Digits receives $60,000 grant to help scholars publish work

The Andrew W. Mellon Foundation has awarded Carnegie Mellon and the University of Pittsburgh an 18-month-long $60,000 grant to support a project known as “Digits.” The project is led by Carnegie Mellon digital humanities specialists Jessica Otis and Scott Weingart as well as Pitt’s Matt Burton, visiting assistant professor, and Matt Lavin, clinical assistant professor of English and director of the digital media lab. The aim of Digits is to optimize the software containers used in publishing scholarly research in order to make it easier and cheaper for scholars to publish their work and maintain it.
In the age of digital communications, the distribution and general maintenance of many traditional printed scholarship materials fall to the publisher while the same tasks for nontraditional mediums tend to fall to the original authors themselves.
“Hosting costs, maintenance, peer review, and preservation for non-traditional publications almost always fall upon the original authors; the equivalent duties for print scholarship, instead, are taken up by publishers, libraries, or scholarly organizations,” said the leaders of the project in a co-interview over email with The Tartan.
Thus, out of an intent to mitigate this inefficiency, the Digits project was born. The team began using software container technologies — a term that refers to allowing software to deploy easily without much modification across different platforms, which makes software maintenance simpler, more automatic and less costly — to develop, in the project leaders’ words, “an infrastructure that could work like scholarly journals, but is tailored to born-digital publications.”
The current digital publication system can lead to issues such as link rot, which happens when scholars change web hosts or let subscriptions expire, making the publications no longer available. “The responsibility of digital preservation needs to be shifted from individual researchers to journal publishers or university archives,” said Lavin in a university press release.
Another feature of the project will allow scholars to update their work more easily.
“It is often considered double-dipping or even cheating to publish nearly identical research as more data becomes available,” Weingart said in the press release.

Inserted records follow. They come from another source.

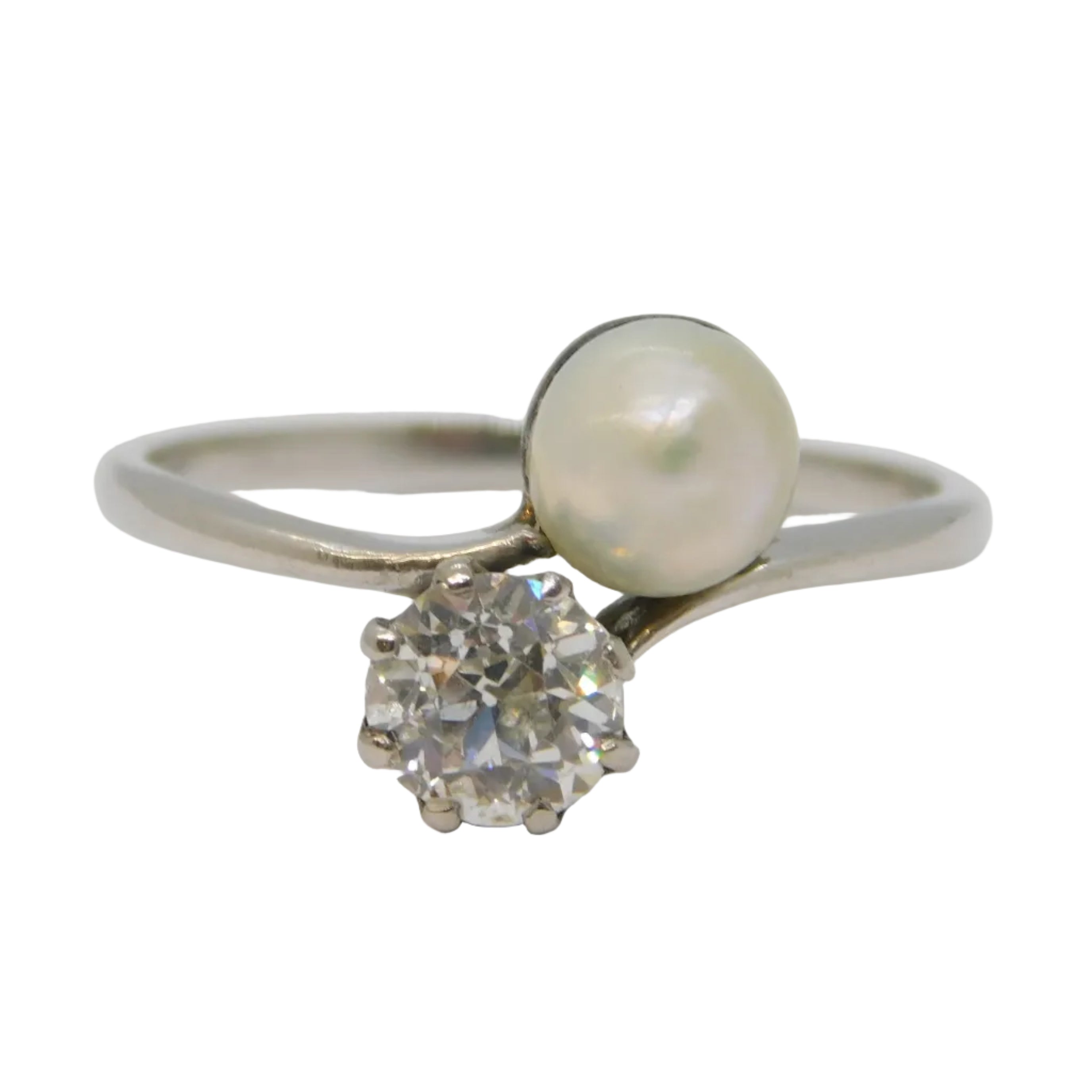 Platinum 0.6ct Claw Set European Cut Diamond & Pearl Crossover Ring Antique Art Deco
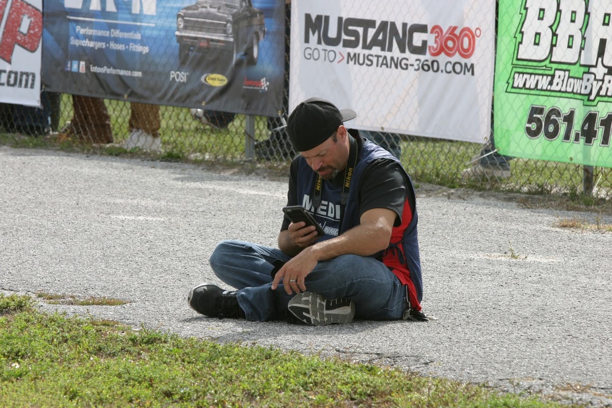 John Leslie Jr was chatting with Joe Charles and crew in the lanes before a test and tune pass. Leslie is loving his Factory Stock ride’s new Coyote powerplant.Matthew Laszaic brought his Cobra to run in True Street. The Cobra has a ton of miles, and it seems Laszaic is trying to shorten the engine’s life span by sprayin’ it with a good dose of nitrous. So far we’ve seen Laszaic run a few low-13s, but he was able to coax a 12.85 out of the car after a bit of coaching.Shiftin’ Shane Stymiest has gone Hollywood on us. He sits in the car while his girlfriend Bobbi Jo Rector checks air pressure.Haley James is making a big splash in Coyote Modified at Bradenton. She started out with an 8.30 pass, but during today’s hot test and tune she blew the tires off. The crew had to make some rear suspension adjustments to the car before that pass, but the track wasn’t holding it.The 2014 Tremec Stick Shift Shootout champion Anthony Heard is back to defend his title. Heard had to do some work to the car leading up to the race, and though he made a 9.96 pass earlier in the day, he spun out of the hole during the heat of the day.
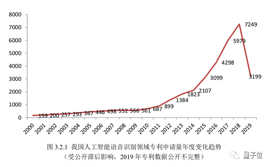 从2000年以来,中国人工智能领域的专利申请量总体上呈逐年上升趋势,且增长率不断提高。
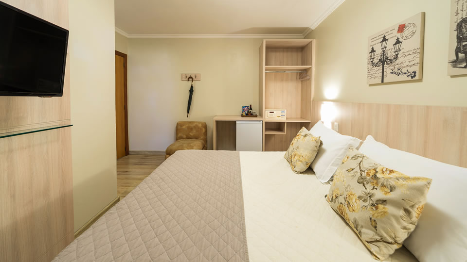 Suítes com 18 m² de área, ideal para duas pessoas em cama de casal ou em duas camas de solteiro.
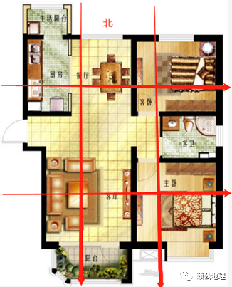 2、北有窗,而且是客厅与卧室双窗在北,北边空出来的太多,是没有背景助力和帮自己的贵人,家主人肾不好。
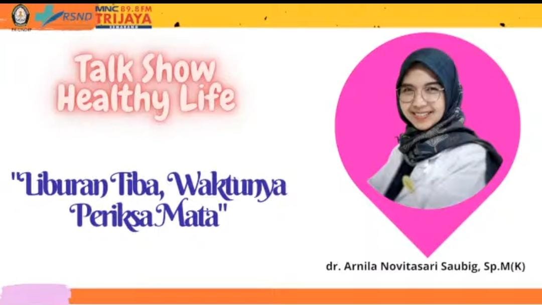 In the talk show held by PKRS RSND on Thursday, June 23, 2022, dr. Arnila Novitasari Saubig, Sp.M(K) as the speaker discussed the importance of having an early eye check up. According to her, holidays are the right time for parents to take their children for an eye check up.

Thus, the leaders plan to incorporate an update feature into the software infrastructure they develop.
During the grant period, the project is exploring the use of software containers in the sciences, social sciences, and humanities to develop better software systems for future scholarship purposes, and investigating the specific software needs of the Digital Humanities, a field combining the use of computational and digital tools with traditional humanities subjects. At the end of the grant period, the project’s leaders are planning to assemble a board of American and British scholars to create a blueprint for a new digital scholarship platform based on the software container technologies explored in Digits.
The results of the project — including code, documentation, and technical specifications — will be open sourced in various institutional repositories and on GitHub, and are expected to form the basis of the actual implementation of the Digits platform.